**What is required**. Your reply should reproduce the data below without a single alteration, apart from dropping the images.

**Information provided**.
'''

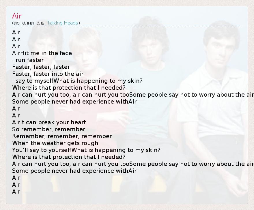 Air Air Air AirHit me in the face I run faster Faster, faster, faster Faster, faster into the air I say to myselfWhat is happening to my skin? Where is that protection that I needed? Air can hurt you too, air can hurt you tooSome people say not to worry about the air Some people never had experience withAir Air Air AirIt can break your heart So remember, remember Remember, remember, remember When the weather gets rough You'll say to yourselfWhat is happening to my skin? Where is that protection that I needed? Air can hurt you too, air can hurt you tooSome people say not to worry about the air Some people never had experience withAir Air Air Air
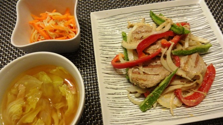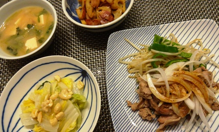 豚肉のジンジャードレッシングがけ(てんきち母ちゃんレシピより)白菜の蒸しいため カシューナッツ&ごま油がけれんこんとちくわのきんぴらお豆腐と三つ葉、みょうがの味噌汁 * * * * * * * * * * * * *おろし生姜ではなく、ジンジャーパウダーを使ったドレッシングをかけた生姜焼きです。息子用には新玉ねぎはナシ。娘は玉ねぎ好きなので、大人と同じ量だけのせました♪
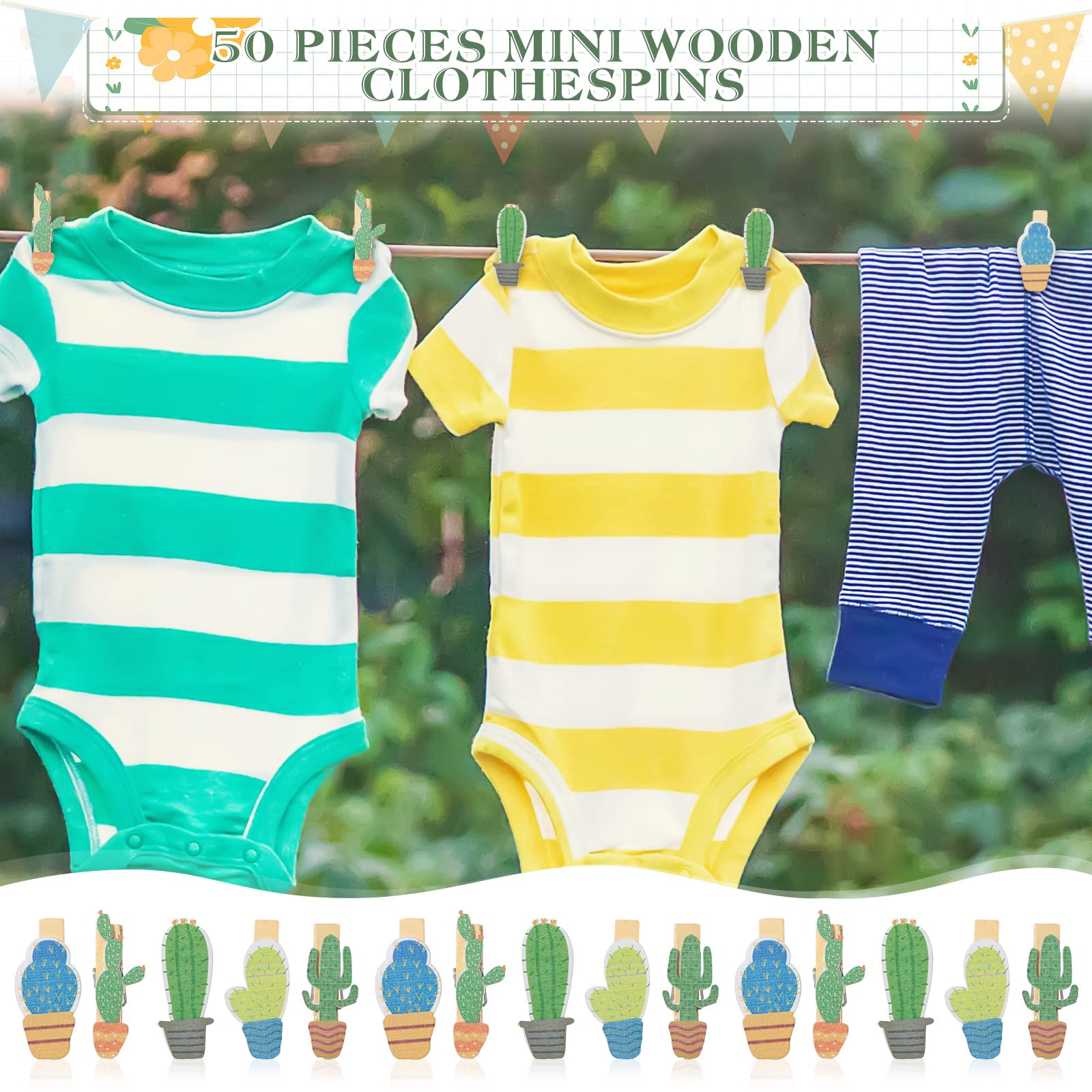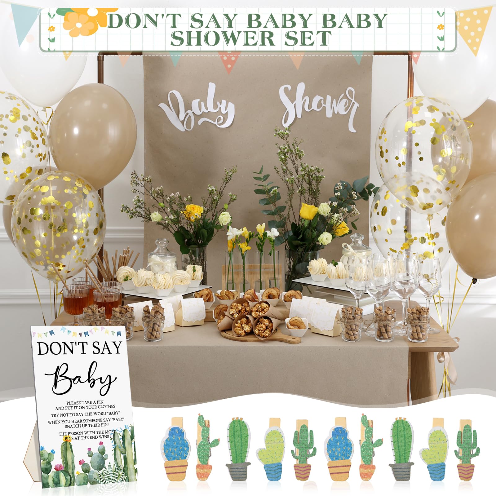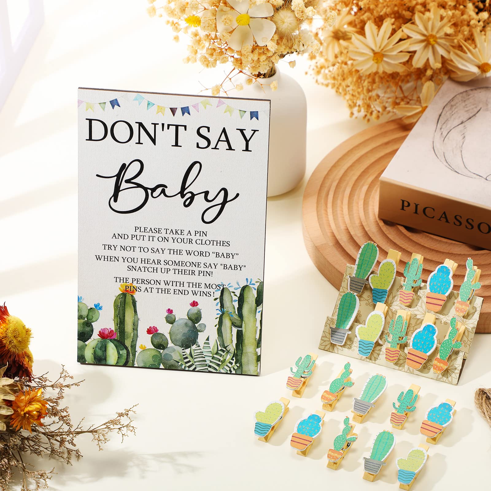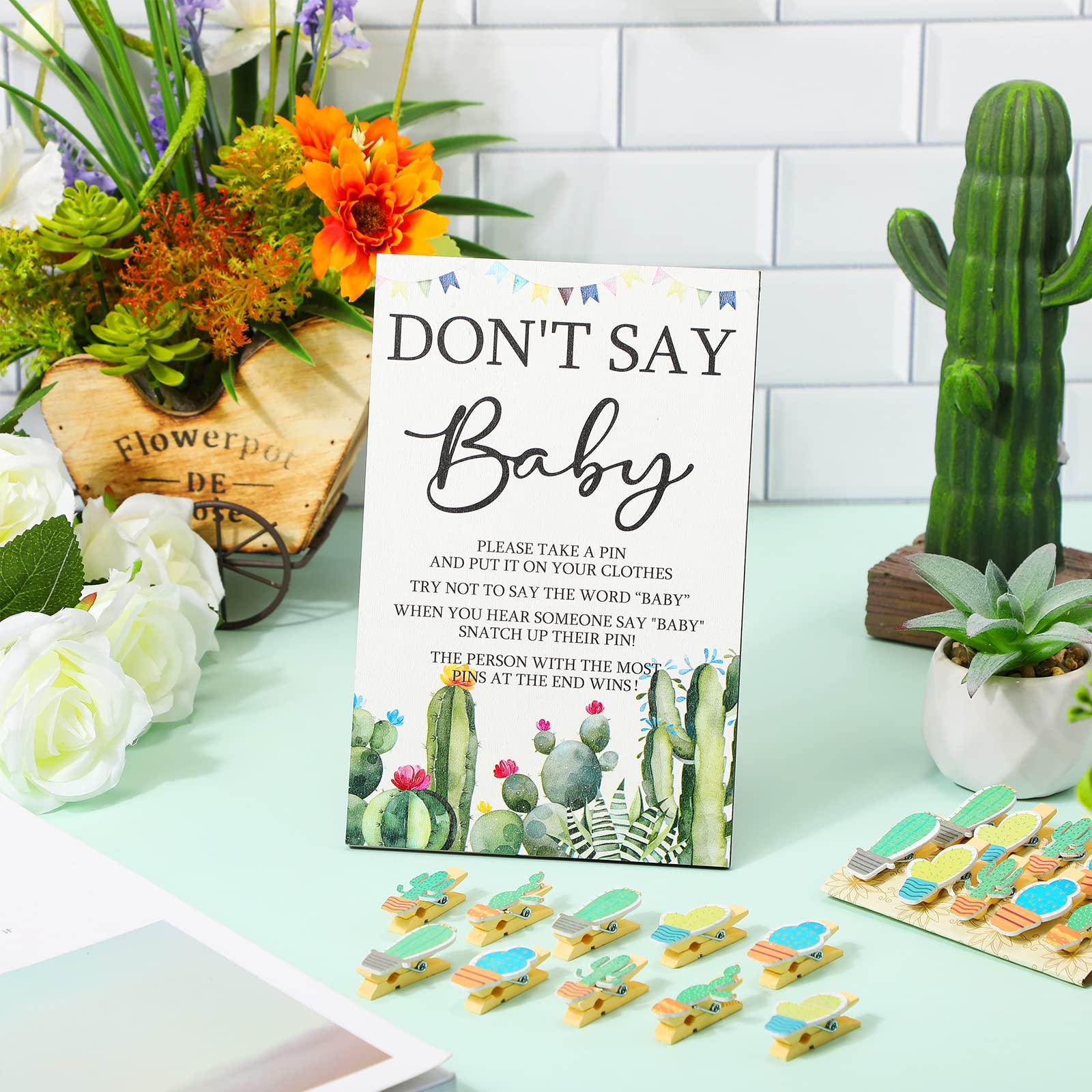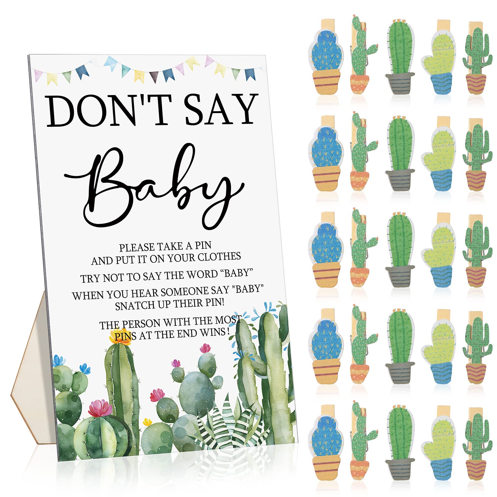 What Will Get: the package contains 1 set of don't say baby game supplies, including 1 piece of cactus theme wooden don't say baby sign, 50 pieces of cactus wooden clothespins, enough and complete to meet your party needs

'''

**Result**.
 Air Air Air AirHit me in the face I run faster Faster, faster, faster Faster, faster into the air I say to myselfWhat is happening to my skin? Where is that protection that I needed? Air can hurt you too, air can hurt you tooSome people say not to worry about the air Some people never had experience withAir Air Air AirIt can break your heart So remember, remember Remember, remember, remember When the weather gets rough You'll say to yourselfWhat is happening to my skin? Where is that protection that I needed? Air can hurt you too, air can hurt you tooSome people say not to worry about the air Some people never had experience withAir Air Air Air
 豚肉のジンジャードレッシングがけ(てんきち母ちゃんレシピより)白菜の蒸しいため カシューナッツ&ごま油がけれんこんとちくわのきんぴらお豆腐と三つ葉、みょうがの味噌汁 * * * * * * * * * * * * *おろし生姜ではなく、ジンジャーパウダーを使ったドレッシングをかけた生姜焼きです。息子用には新玉ねぎはナシ。娘は玉ねぎ好きなので、大人と同じ量だけのせました♪
 What Will Get: the package contains 1 set of don't say baby game supplies, including 1 piece of cactus theme wooden don't say baby sign, 50 pieces of cactus wooden clothespins, enough and complete to meet your party needs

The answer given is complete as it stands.